If you want a bigger copy just send me a message. Hope this helps anyone out there...


----------



## AK or Bust

What beautiful work !!! Nice job arotundo.


----------



## N7OQ

Very nice job, when I saw your pictures the first thing I thought about was my days working on Aircraft we use to call the plugs cannon plugs even if they were not made by Cannon, kinda like Crescent wrench.


----------



## arotundo

N7OQ said:


> Very nice job, when I saw your pictures the first thing I thought about was my days working on Aircraft we use to call the plugs cannon plugs even if they were not made by Cannon, kinda like Crescent wrench.

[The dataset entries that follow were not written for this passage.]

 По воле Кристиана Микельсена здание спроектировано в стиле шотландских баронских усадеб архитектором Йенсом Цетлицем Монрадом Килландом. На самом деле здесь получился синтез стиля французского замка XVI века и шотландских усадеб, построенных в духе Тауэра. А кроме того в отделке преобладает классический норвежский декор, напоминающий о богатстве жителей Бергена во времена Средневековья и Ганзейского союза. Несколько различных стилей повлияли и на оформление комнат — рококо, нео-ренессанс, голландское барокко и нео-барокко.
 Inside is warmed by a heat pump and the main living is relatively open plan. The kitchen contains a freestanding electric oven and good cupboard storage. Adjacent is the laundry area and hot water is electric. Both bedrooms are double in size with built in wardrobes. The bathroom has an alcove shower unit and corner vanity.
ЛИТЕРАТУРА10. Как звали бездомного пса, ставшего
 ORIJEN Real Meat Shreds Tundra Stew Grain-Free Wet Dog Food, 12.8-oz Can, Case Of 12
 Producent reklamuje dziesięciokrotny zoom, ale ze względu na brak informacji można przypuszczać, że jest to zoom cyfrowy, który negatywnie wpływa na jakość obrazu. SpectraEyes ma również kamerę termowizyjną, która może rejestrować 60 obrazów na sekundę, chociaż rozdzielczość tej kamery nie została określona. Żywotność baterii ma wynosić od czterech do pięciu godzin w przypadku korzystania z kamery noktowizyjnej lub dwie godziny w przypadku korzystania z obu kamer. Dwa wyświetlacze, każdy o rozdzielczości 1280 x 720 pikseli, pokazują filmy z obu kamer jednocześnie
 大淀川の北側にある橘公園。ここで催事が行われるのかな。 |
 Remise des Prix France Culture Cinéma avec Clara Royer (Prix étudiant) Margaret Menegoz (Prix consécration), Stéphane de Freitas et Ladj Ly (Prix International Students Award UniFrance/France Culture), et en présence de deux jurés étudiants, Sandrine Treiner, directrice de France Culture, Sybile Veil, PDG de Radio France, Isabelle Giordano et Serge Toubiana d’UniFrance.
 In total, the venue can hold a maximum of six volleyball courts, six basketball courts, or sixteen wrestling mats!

Every time a trainer goes away I stash parts away... never know when or what we could use them for! =)


----------



## CamperAndy

Just wondering why the auto reset thermal breaker for the slide was not put into the weather tight box with everything else?


----------



## arotundo

I have it by the motor in the canper. Started to get tight with wires and room in the box.


----------



## sierracierra

I DO work on aircraft!, Excellent job, that is the type of quality work that is hard to find!

Rgds,
Glenn


----------



## LaydBack

My OB came with the sealed electrical box you see in the pic below. You can see the batt disconnect off to the right. Are these new features for the 10th Anniversary Editions?


----------



## KTMRacer

srwsr said:


> My OB came with the sealed electrical box you see in the pic below. You can see the batt disconnect off to the right. Are these new features for the 10th Anniversary Editions?


my 2011 295RE came with the bargman sealed electric box, and it's not a 10th anniversary edition.


----------



## CdnOutback

I believe that is a new feature of 2011. They now list a battery cutoff switch as standard equipment.


----------